BitterSweet has begun looking at the Irish situation with a view to learning from the Republic rather than the other way round, she says, as the amount of beer being consumed by women here is three times higher than in the UK.

“It’s obviously more comfortable for women to drink beer there. Coors Light did a great job,” she claims, “Some 70 per cent of it is drunk by women in the Republic of Ireland.

“The basics we mentioned earlier are all commonplace there already. I don’t think I’ve ever had a Coors Light in Ireland that wasn’t served in a chilled glass.”

In the short term Kristy would like to see Molson Coors nail the situation “… women being offered good glassware when being served in pubs”.

And it’s not just the on-trade that needs to spruce up its act. She points out that the beer aisle in the average supermarket lets itself down.

“It looks like a Cash & Carry” she explains, “and 50 per cent of women tell us that buying beer there is about as exciting as buying canned veg so there’s a lot that can be done to bring the category to life; we’d like to see recommendations and tasting notes on-shelf to make beer-purchasing more interesting.

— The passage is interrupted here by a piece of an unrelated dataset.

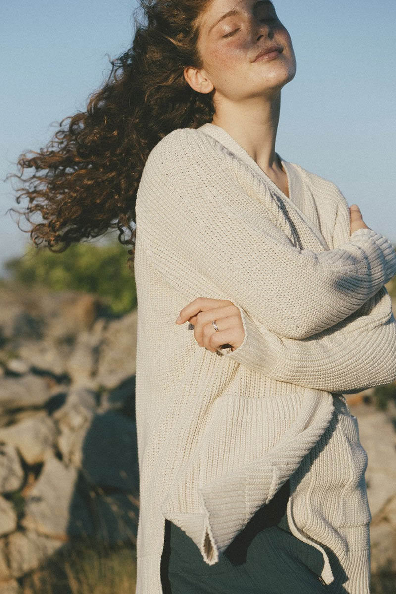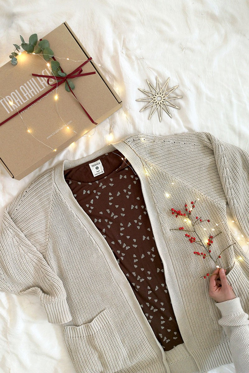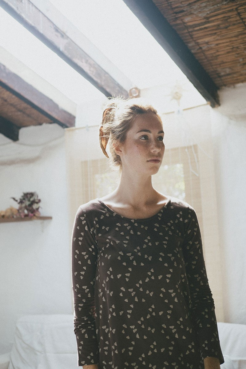 Suny is a knitted blouse with round neckline and evasé cut. The brown acorn print is inspired by the essential, our environment. Our home, HOME, gives that special touch to the garment. You can combine it with the Sibila trousers to wear your complete outfit.

“After all, 80 per cent of all supermarket shopping is done by women, so it’s only right that beer suppliers should appeal to women more. Make it look more appealing and attractive and you’ll get more women into purchasing beer.

“It’s got to be about treating beer with the right amount of respect. I don’t like to see it sold as a commodity. I’d like to see below-cost selling stopped immediately and better information and education in pubs as well as the cessation of demeaning women in the marketing of beer.”

Eventually, she hopes that brewers will really get to understand women and adapt the way they talk to them.

“The days of having a bikini-clad girl in a beer ad should be long behind us but sadly, that’s not the case,” she says, “I’d like to see women marketed to in the right way going forward.”

It’s important too to break down the myths about beer, “… that it’s very ‘manly’, it’s fattening – 15 per cent of women thought a pint of beer was more fattening than a bowl of chips and believed wine to have less calories, yet beer has less calories. Women still see the term ‘beer-belly’ but there’s no such thing. There is, however, a pizza- or kebab-belly….

“If we could get beer thought about in a more positive way, we’d be happy to break down these misperceptions through women’s magazines or talking about the calories in a beer ad and so break down some of the taboos about beer. If this was coupled with the industry getting serious about marketing to women, then I think we could all go a long way.”